<<<<

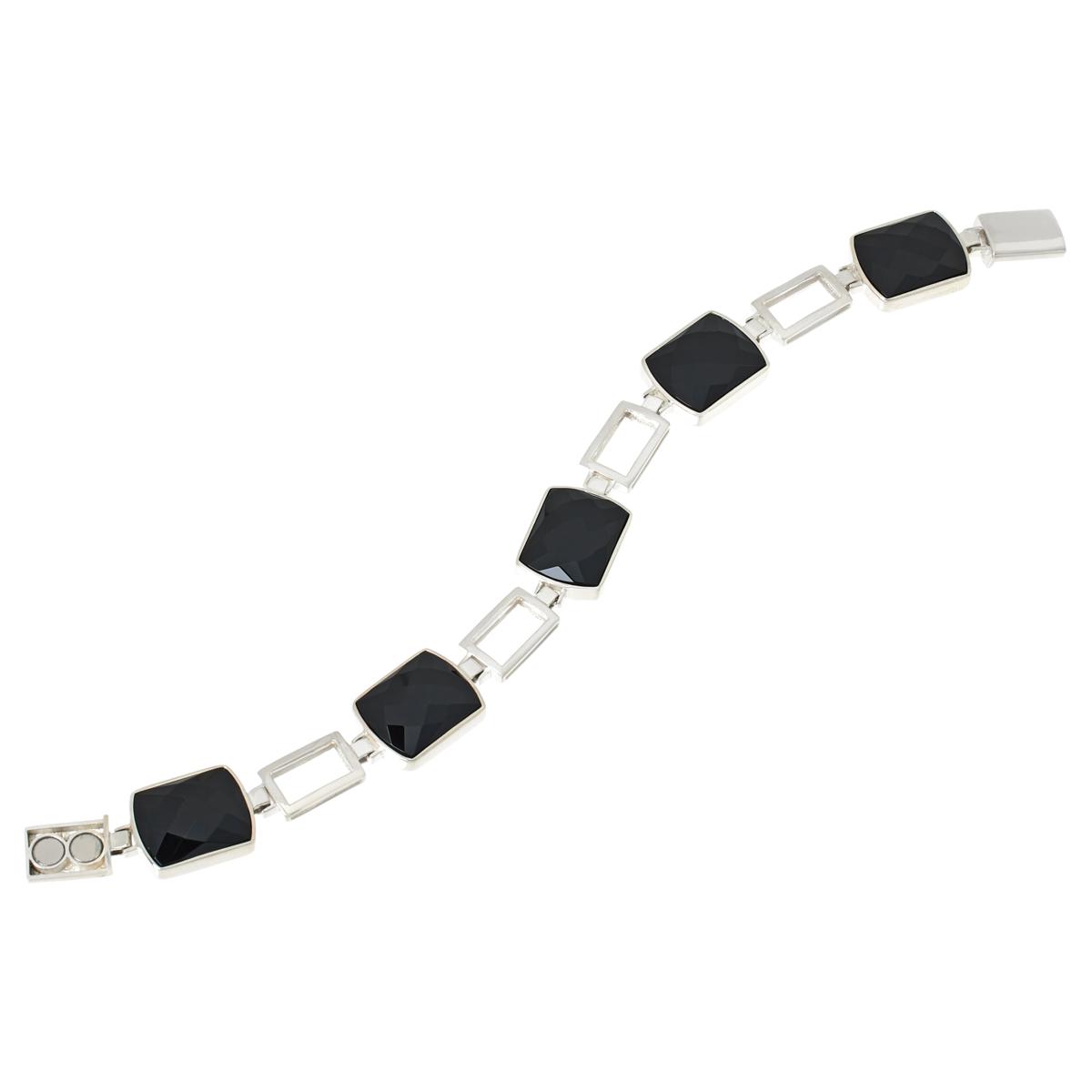 Handcrafted in solid sterling silver (.925), the design features barrel-shaped gemstone stations alternating with square open links, creating a bold yet wearable silhouette. A secure magnetic closure makes this bracelet as practical as it is striking.
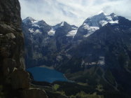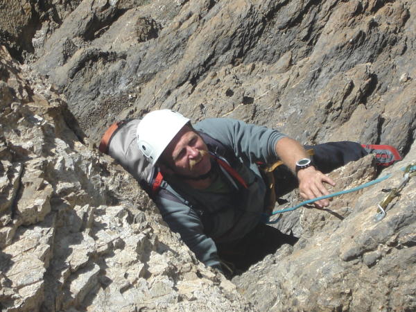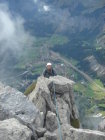 Nach den Platten (4. Länge) nur ca. 30m rauf und dann nach links queren- nicht über den Schutt ins Couli. Ausstiegsmöglichkeit beim 'Tschäri'- ca. Hälfte. Guter Weg für Querung und Abstieg.
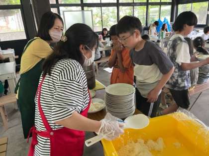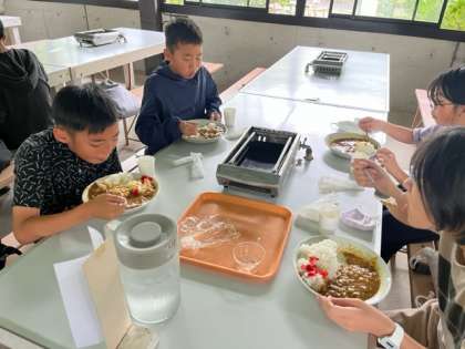 子どもたちは自分でご飯の量を選んでよそってもらっています。

>>>>

■ **YOUR GOAL**:
Copy out the listing above in full and leave out its pictures.

■ **RESULT BELOW**:
 Handcrafted in solid sterling silver (.925), the design features barrel-shaped gemstone stations alternating with square open links, creating a bold yet wearable silhouette. A secure magnetic closure makes this bracelet as practical as it is striking.
 Nach den Platten (4. Länge) nur ca. 30m rauf und dann nach links queren- nicht über den Schutt ins Couli. Ausstiegsmöglichkeit beim 'Tschäri'- ca. Hälfte. Guter Weg für Querung und Abstieg.
 子どもたちは自分でご飯の量を選んでよそってもらっています。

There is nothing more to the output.